Patience and wait for the setup in other words. But the obvious play is to short which means I am heading to the coin dealer next Monday with my new interest free credit card and buying some Silver and Palladium if they have it. Thanks Citi bank. Hugs.
Of course I am just being contrary because now everyone is now waiting for $20 silver. So I'll plop down enough credits so that even if Silver drops to $20 I'll still be up over all. Not maxing out the card or anything :)
Margin hikes all over the place. Big banks getting squeezed and in need of more bailouts. Everyone terrified of 2008 deja vu. It sure smells like QE in the wind.
Greece I am sick of hearing about. Just burn the place down and claim the insurance. That's what I would do if it was my place. Apologies to my friend Yotis but your country is a lunatic asylum and the cuckoos are running the show.
.. Yep, no gift quite like the Benton Guarantee!! They also promised to spike the price of silver 'like JPM' but were ambiguous about the direction. This time at least, they are recommending stop losses. Well thank goodness for that, clear direction and strong leadership! That is one hell of a shits and giggles trip the writer is having.
@Louis - sage advice. 'Hold' is currently the strategy in this camp (not the metals on credit part).
and ditto re: Greece, if only I had a dollar for every opinion I've read about the Euro being doomed ...

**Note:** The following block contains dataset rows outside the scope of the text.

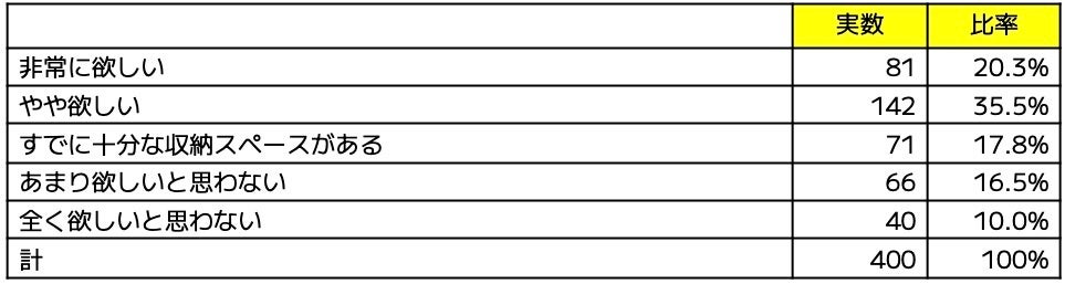 ・自宅のリビングに大型の収納スペースが欲しい=55.8%
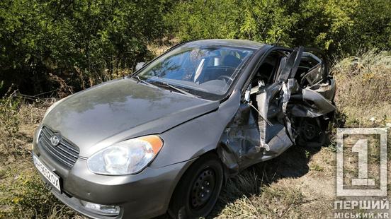 По предварительной информации, белый Lexus двигался в направлении Кривого Рога по левой полосе. В то же время, темный Hyundai, который ехал в попутном направлении, но в крайней правой полосе, неожиданно решил развернуться назад.
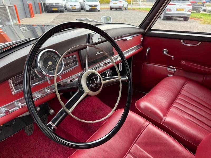 Der Wagen wurde vom Vorbesitzer umfassend restauriert und in dem beliebten Schwarz neu lackiert, passend dazu ein burgunderrotes Leder-Innenraum. Der Zustand ist beeindruckend. Das Schwarz betont die umfangreiche Chromführung des Fahrzeugs und das Interieur verrät eine leichte, charaktervolle Patina. Der Wagen ist mit moderner Klimaanlage ausgestattet. Auf den Fotos sind einige kleinere Punkte zu beachten, aber nichts Ungewöhnliches.
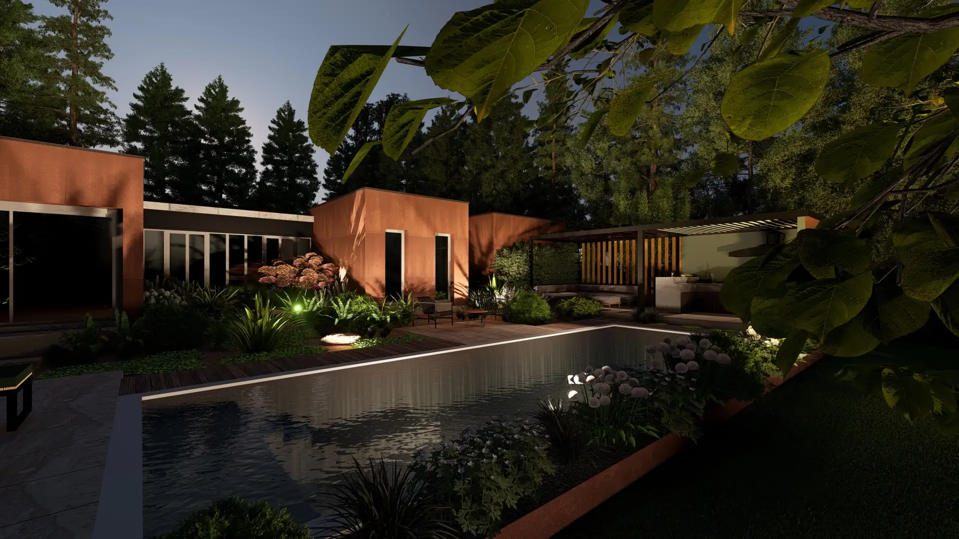 Cet espace se vit autant qu’il se contemple depuis l’intérieur, créant une continuité harmonieuse entre dedans et dehors, agréable en toute saison.
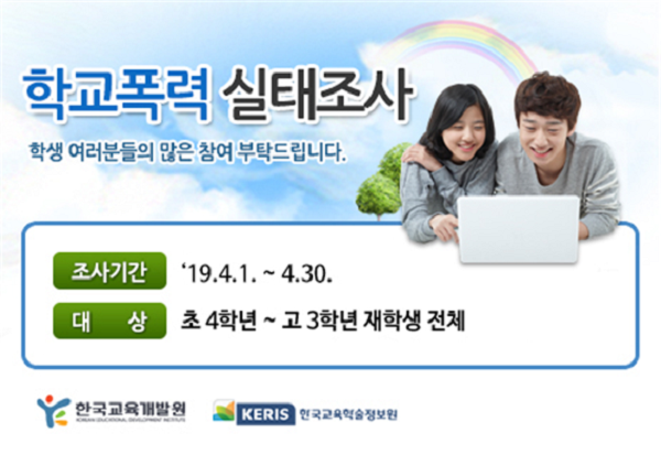 이번 실태조사는 학교와 교육청이 학교폭력 실태와 인식을 조사해 학교폭력을 예방하고 대응방안을 마련하기 위해 계획됐다. 경기도교육청에 따르면 `2019년 1차 학교폭력 실태조사`는 전국시도교육감협의회 주관으로 한국교육개발원에 위탁해 전국에서 동시에 진행한다. 학생은 학교폭력실태조사 사이트, NEIS 대국민 서비스와 학교 홈페이지를 통해 온라인으로 참여가 가능하다.

There are a couple of advantages to the 0% Credit card strategy.
1. No margin calls
2. Can't be shaken out with volatility
3. 100% leverage. Pure profit in other words after gas money.
4. Can sit as long as necessary until I am proven correct.
Disadvantages:
1. Can only bet in one direction
2. Not as liquid as the coin dealer only operates 9-5
If I was really evil I could take my credit cards and clean out the coin dealer and then say f.u. to the credit card companies.
Should add to the disadvantage column that the buy and sell spread is going to be a couple of percentage points as well.